Double-beam autocompensation for fluorescence polarization measurements in flow cytometry.

The degree of depolarization of fluorescent light emitted from an organic dye, which is used as molecular probe, is a powerful tool in probing the microenvironment. By fluorescence depolarization the macromolecular structure can be investigated as well as the the mobility of the marker molecule itself or of the complex formed by the probe. Additional information such as energy transfer rates, donor-acceptor distances, and orientations are also measurable.

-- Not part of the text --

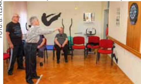
Natjecatelji nisu dopustili da im podmakla dob bude prepreka za zabavu

se, natjecanja su u dobrom rasporedu nastavljeni u prostorijama Caritasova doma. U ukupno pet disciplina pobijedili su (generacijski mladi) gosti iz Varaždina pošto je logistika Doma ocijenila da bi vjetar mogao „otpuhnuti“ šah i Čovječe, ne ljuti

These data are of particular interest if they can be measured from whole cells. Using flow cytometry, we can analyze a large number of cells with high statistical significance in a short period of time. We describe a newly developed double-beam epi-illumination arrangement for fluorescence polarization measurements that uses an autocompensation technique. This new technique permits the various depolarizing effects within the optical as well as the electronic components of the system to be continually compensated for on a cell by cell basis. Simultaneous measurements of other cell parameters for cell cycle analysis by total fluorescence intensity remains possible. The sensitivity of the system to measure polarization was determined as +/- 0.006 p (0 less than or equal to p less than or equal to 0.5 in isotropic media), which amounts to +/- 1.2% of the maximum p value. Polarization data for latex microspheres plotted in the histogram mode were measured with a standard deviation of 0.006, which proved the high resolution and the high performance of the system.